If you couldn't gather, that was about food. I know that the grammar isn't spot on, but when you read it out loud it makes sense. I think. I've had a lot of Guiness today. It's St. Pattys day. Stop judging. Read another one.


What can I say? He had won me over immediately. Some say it was a meeting of chance, I say It was fate. Growing up I had always believed in true love. I have now had 4 true loves, or so I thought. First there was Paul. We were 6 and had a quick wedding during lunch one day in the early spring, he gave me a ring pop. Needless to say, the relationship lasted just about as long as my blue tongue from the ring pop lasted. You know kids though, hitching up, playing house, stealing hearts, slinging sand and mud at each other.  All in a day of a kindergartner.

 

My second love was a little more sophisticated. I was 13. I thought I knew it all, and Randy, a whole year and a half older than I, really knew everything. He was tall had dark hair and boy, was he handsome. He was one of the first boys at my school to hit puberty, and myself being abnormally tall, we went hand in hand. Or face to face as it so turned out. Randy sure lived up to his name. People still tell me that it was just lust, but I was positive we were going to be forever. It all ended when he met that Darcy girl in detention. If only I had vandalized the school with him instead of going home to make dinner, we may still be together.

 

My third love was Robert.  He was an absolute dream. I had just entered university in family studies and could you believe it, he was the only boy in my class! He was a fantastic dresser who came from a good family. He was smart, kind funny, knew all about different types of foods and wines and theater.

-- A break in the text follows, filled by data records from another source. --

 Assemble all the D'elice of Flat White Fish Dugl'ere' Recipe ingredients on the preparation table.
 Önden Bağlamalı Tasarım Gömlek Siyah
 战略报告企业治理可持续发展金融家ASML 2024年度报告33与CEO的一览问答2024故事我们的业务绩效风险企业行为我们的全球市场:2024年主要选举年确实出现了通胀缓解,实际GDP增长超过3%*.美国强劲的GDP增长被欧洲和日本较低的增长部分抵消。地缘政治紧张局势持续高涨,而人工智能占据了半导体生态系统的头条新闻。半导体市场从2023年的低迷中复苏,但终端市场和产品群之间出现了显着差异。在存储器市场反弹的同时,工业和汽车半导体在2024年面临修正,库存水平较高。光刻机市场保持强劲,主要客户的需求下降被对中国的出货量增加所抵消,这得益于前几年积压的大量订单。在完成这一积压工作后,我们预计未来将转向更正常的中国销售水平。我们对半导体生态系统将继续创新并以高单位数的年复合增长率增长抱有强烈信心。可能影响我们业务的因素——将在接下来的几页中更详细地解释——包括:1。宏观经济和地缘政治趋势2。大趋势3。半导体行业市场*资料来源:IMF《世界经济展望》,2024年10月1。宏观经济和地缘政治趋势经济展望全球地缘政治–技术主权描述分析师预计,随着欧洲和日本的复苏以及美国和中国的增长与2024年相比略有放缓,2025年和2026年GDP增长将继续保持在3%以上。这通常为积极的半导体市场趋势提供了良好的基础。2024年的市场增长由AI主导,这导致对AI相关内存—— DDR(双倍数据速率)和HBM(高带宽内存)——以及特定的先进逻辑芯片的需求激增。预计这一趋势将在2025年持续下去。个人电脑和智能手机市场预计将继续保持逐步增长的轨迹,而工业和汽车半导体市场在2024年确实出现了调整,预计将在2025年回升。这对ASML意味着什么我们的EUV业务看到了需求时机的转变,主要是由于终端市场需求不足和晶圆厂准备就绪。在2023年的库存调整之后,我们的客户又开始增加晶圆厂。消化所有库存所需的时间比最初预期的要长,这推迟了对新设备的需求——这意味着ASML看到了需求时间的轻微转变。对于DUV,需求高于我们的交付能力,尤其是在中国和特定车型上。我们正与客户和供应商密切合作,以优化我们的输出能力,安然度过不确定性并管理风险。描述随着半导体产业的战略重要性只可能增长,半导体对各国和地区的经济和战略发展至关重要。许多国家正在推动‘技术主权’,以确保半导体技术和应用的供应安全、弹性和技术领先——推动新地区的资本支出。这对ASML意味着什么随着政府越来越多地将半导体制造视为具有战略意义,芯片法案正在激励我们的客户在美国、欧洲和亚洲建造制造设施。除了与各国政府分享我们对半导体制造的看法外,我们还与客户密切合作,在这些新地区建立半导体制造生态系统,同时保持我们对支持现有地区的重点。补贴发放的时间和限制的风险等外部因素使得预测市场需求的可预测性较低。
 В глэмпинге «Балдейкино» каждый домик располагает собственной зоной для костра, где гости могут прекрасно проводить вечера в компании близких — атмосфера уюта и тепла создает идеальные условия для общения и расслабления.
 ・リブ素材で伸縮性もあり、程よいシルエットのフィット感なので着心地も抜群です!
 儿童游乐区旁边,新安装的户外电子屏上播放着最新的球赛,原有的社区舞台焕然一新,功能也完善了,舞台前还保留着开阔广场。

I truly truly believed that we were going to be together forever. I could not have found a more perfect person to get married to, have kids with and grow old with, even if I had made him up. I had just over looked one teensy tiny fact. He loved me to death, and all of my friends could never understand it. I was a nice enough looking girl, but most guys would have rather gone out with my friends, I mean they were all perfect 10s. Then at least. When we broke up, he introduced me to the other woman. His name was Gerald.

 

Then finally there was Fox. He is the man for me. He is smart, funny, and an amazing writer. He has a stable job, and he has already bought a house! He has a plan for life. Were only in our mid twenties but he has an rrsp account, and is ready to marry me. We met in the most peculiar way as well  I now make a living as a film reviewer, and I got sent to a film festival in Dubai. Since it was so far, the paper only offered me one ticket so I went alone. In the press room, everyone knew each other except my self and Fox. He was such a gentleman as well, he asked what I thought of the film, bought me drinks and walked me home. We made a date to have dinner the next night. We talked and talked and talk for hours, and even though he lived in LA and I in New York, he kept getting business in New York and eventually got offered a transfer. Although the job didn’t pay as much, he took it to become closer to me! Last week he popped the question in Central Park. And I said yes! I truly do believe that this will be the man I love for the rest of my life.


I am going to go back to waiting for my flight now.